Stop at the line containing "Exclusive Cat® mounting": write out every line from the beginning of the entries up to and including it, minus the pictures.

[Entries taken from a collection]

■ ■ ■ ■ ■ ■ ■

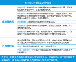 上海九龙医院 电话询问上海九龙医院泌尿外科医师韩用涛主任指出:射精无力也可称部分射精不全,它的特征是泄精正常而射精阶段异常,属于射精障碍。表现为在行房中情欲达到高峰而射精时却没有足够的力量将精液射入女性的阴道内的现象,常伴随这些症状:遗精、射精疼、 精液少、 器质性早泄、 精液稀等,主要由于生理性因素和心理性因素引起。射精无力可能会继发性欲减退、导致性冷淡甚至阳痿,影响夫妻感情,严重的由于射精无力导致精子精液无法正常运动从而影响生育等,患者需重视。我要直接和主任对话,点击进入医师免费询问专区
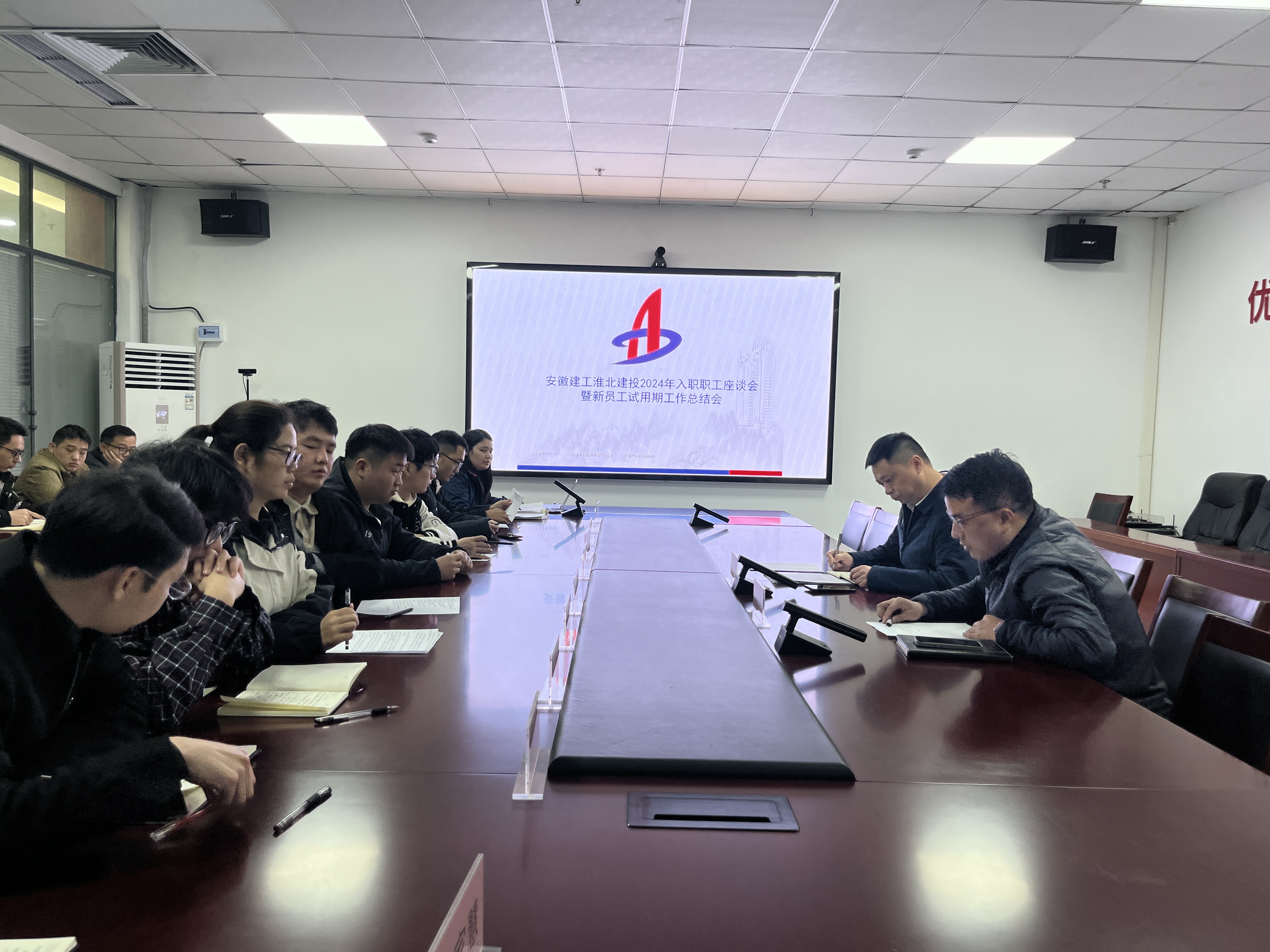 為進(jìn)一步助力新員工融入,引領(lǐng)新人成長,2024年12月3日上午,淮北建投在公司會(huì)議室召開了“2024年新入職職工座談會(huì)暨新員工試用期工作總結(jié)會(huì)”?;幢苯ㄍ饵h委書記、董事長、總經(jīng)理張玉明參會(huì),淮北建投黨委委員、副總經(jīng)理馬陽陽主持會(huì)議,2024年18名入職新員工到場參會(huì)。
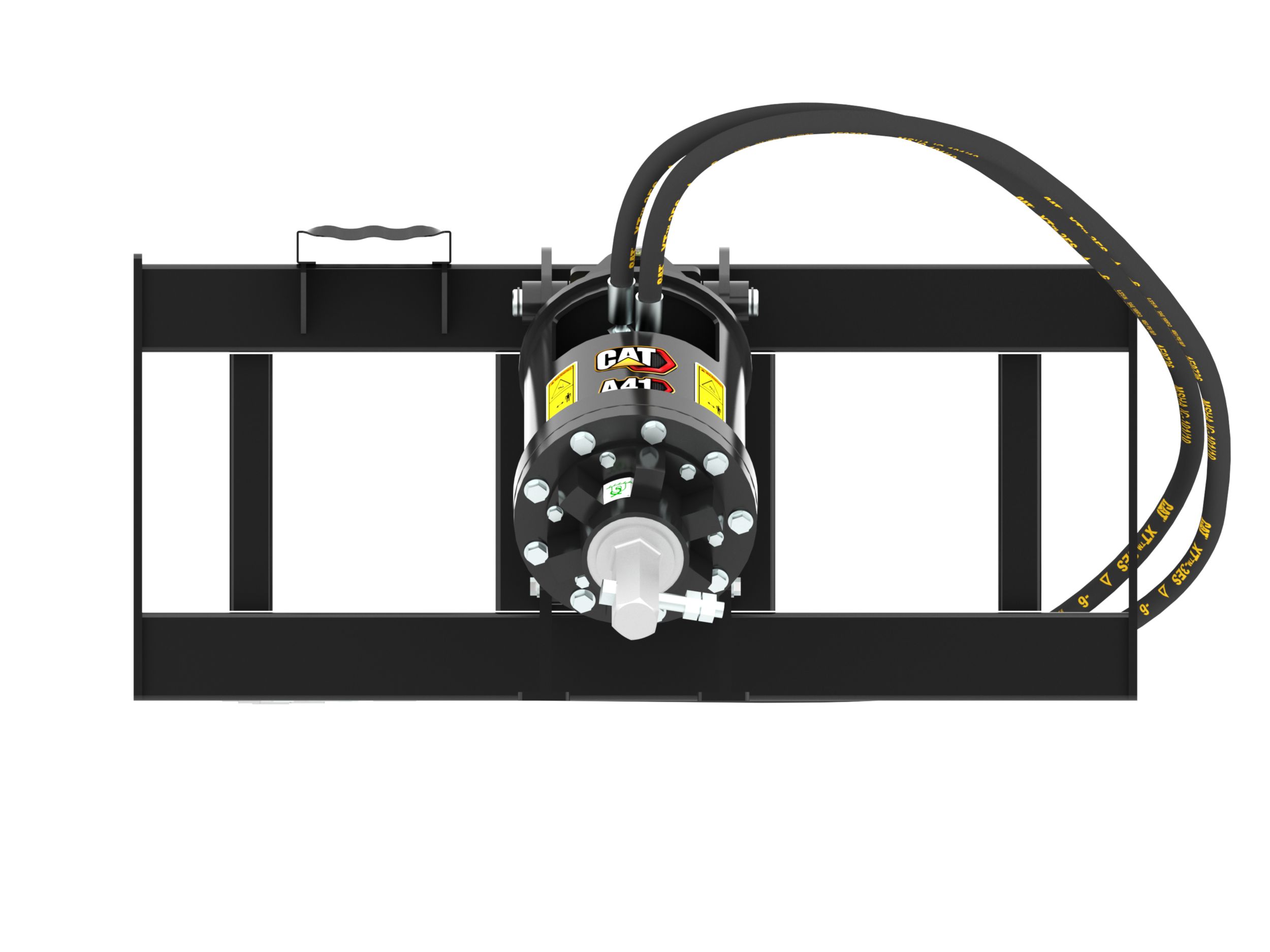 Exclusive Cat® mounting bracket for superior structural reinforcement, positioning flexibility, easy transportation, and near vertical storage. Also includes serrated step to allow safer and easier access into the cab.
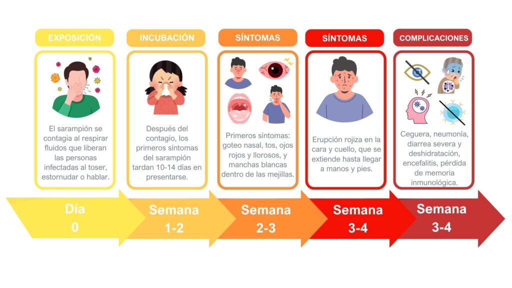 Los síntomas típicos del sarampión incluyen fiebre, tos, flujo nasal, ojos rojos, manchas blancas en el interior de las mejillas y erupción rojiza en todo el cuerpo, que van apareciendo conforme avanza la enfermedad. Además, en casos graves puede ocasionar encefalitis, y entre 2 y 3 de cada 1,000 casos pueden resultar en daño cerebral o muerte.2
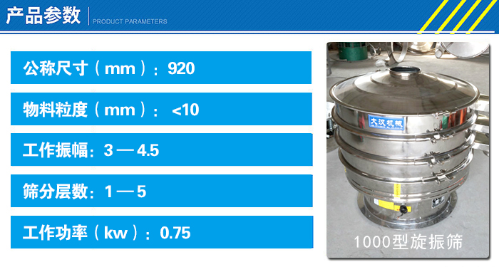 1000型不銹鋼振動篩整機采用不銹鋼304材質,篩面直徑920mm,網孔規格在0.028—5mm之間,搭配功率0.75KW的振動電機電機,日篩分花椒粉產量可達500kg-800kg。具體參數如下:

■ ■ ■ ■ ■ ■ ■

→ **Exercise response**:
 上海九龙医院 电话询问上海九龙医院泌尿外科医师韩用涛主任指出:射精无力也可称部分射精不全,它的特征是泄精正常而射精阶段异常,属于射精障碍。表现为在行房中情欲达到高峰而射精时却没有足够的力量将精液射入女性的阴道内的现象,常伴随这些症状:遗精、射精疼、 精液少、 器质性早泄、 精液稀等,主要由于生理性因素和心理性因素引起。射精无力可能会继发性欲减退、导致性冷淡甚至阳痿,影响夫妻感情,严重的由于射精无力导致精子精液无法正常运动从而影响生育等,患者需重视。我要直接和主任对话,点击进入医师免费询问专区
 為進(jìn)一步助力新員工融入,引領(lǐng)新人成長,2024年12月3日上午,淮北建投在公司會(huì)議室召開了“2024年新入職職工座談會(huì)暨新員工試用期工作總結(jié)會(huì)”?;幢苯ㄍ饵h委書記、董事長、總經(jīng)理張玉明參會(huì),淮北建投黨委委員、副總經(jīng)理馬陽陽主持會(huì)議,2024年18名入職新員工到場參會(huì)。
 Exclusive Cat® mounting bracket for superior structural reinforcement, positioning flexibility, easy transportation, and near vertical storage. Also includes serrated step to allow safer and easier access into the cab.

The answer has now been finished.